**Data**
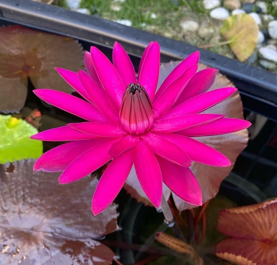 Carla Sunshine Belongs to medium tropical water lily and is the only viviparous yellow water lily variety on the market at present, Flowers and leaves have ornamental value: Dark yellow flowers, pure and flawless, with brown variegated leaves.
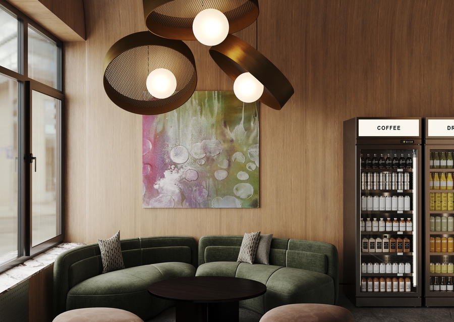 В проекте также предусмотрены четыре фотозоны, каждая из которых имеет собственную интерьерную стилистику: зона с граффити, пространство в эстетике неонового футуризма, эко-фотозона с природными материалами и комната с настраиваемым светом, вдохновлённая работами Джеймса Таррела.
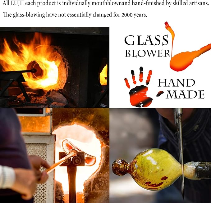 • HANDMADE BLOWN GLASS: Each product is individually blown and hand-finished by skilled artisans. The pigment is embedded in 2 layers of glass and won't fade and damage
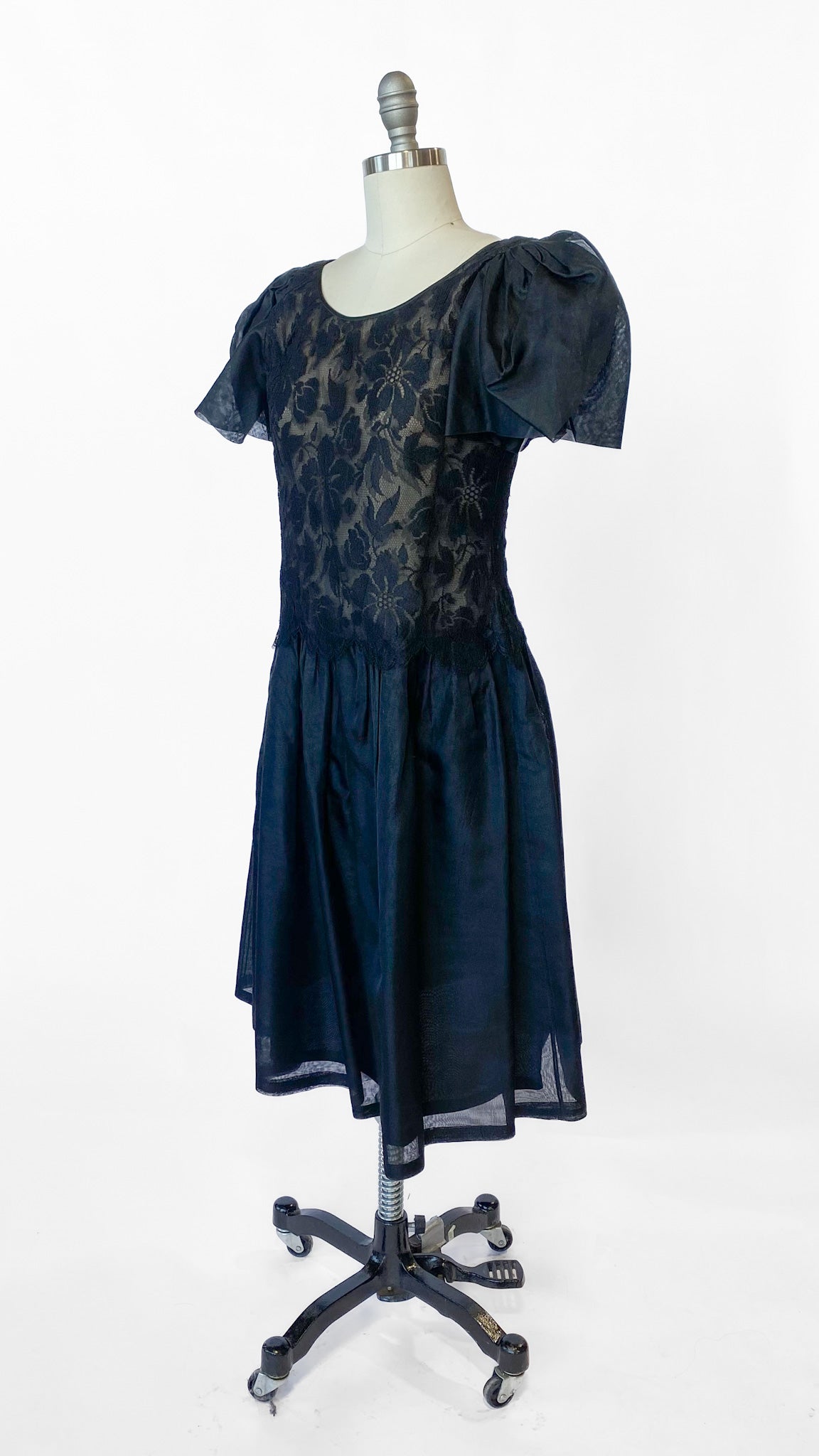 1980s Hanae Mori Black Lace Dress, sz. S

**Brief**
No pictures belong in the copy. Repeat the listing above exactly.

**Answer for the task**
 Carla Sunshine Belongs to medium tropical water lily and is the only viviparous yellow water lily variety on the market at present, Flowers and leaves have ornamental value: Dark yellow flowers, pure and flawless, with brown variegated leaves.
 В проекте также предусмотрены четыре фотозоны, каждая из которых имеет собственную интерьерную стилистику: зона с граффити, пространство в эстетике неонового футуризма, эко-фотозона с природными материалами и комната с настраиваемым светом, вдохновлённая работами Джеймса Таррела.
 • HANDMADE BLOWN GLASS: Each product is individually blown and hand-finished by skilled artisans. The pigment is embedded in 2 layers of glass and won't fade and damage
 1980s Hanae Mori Black Lace Dress, sz. S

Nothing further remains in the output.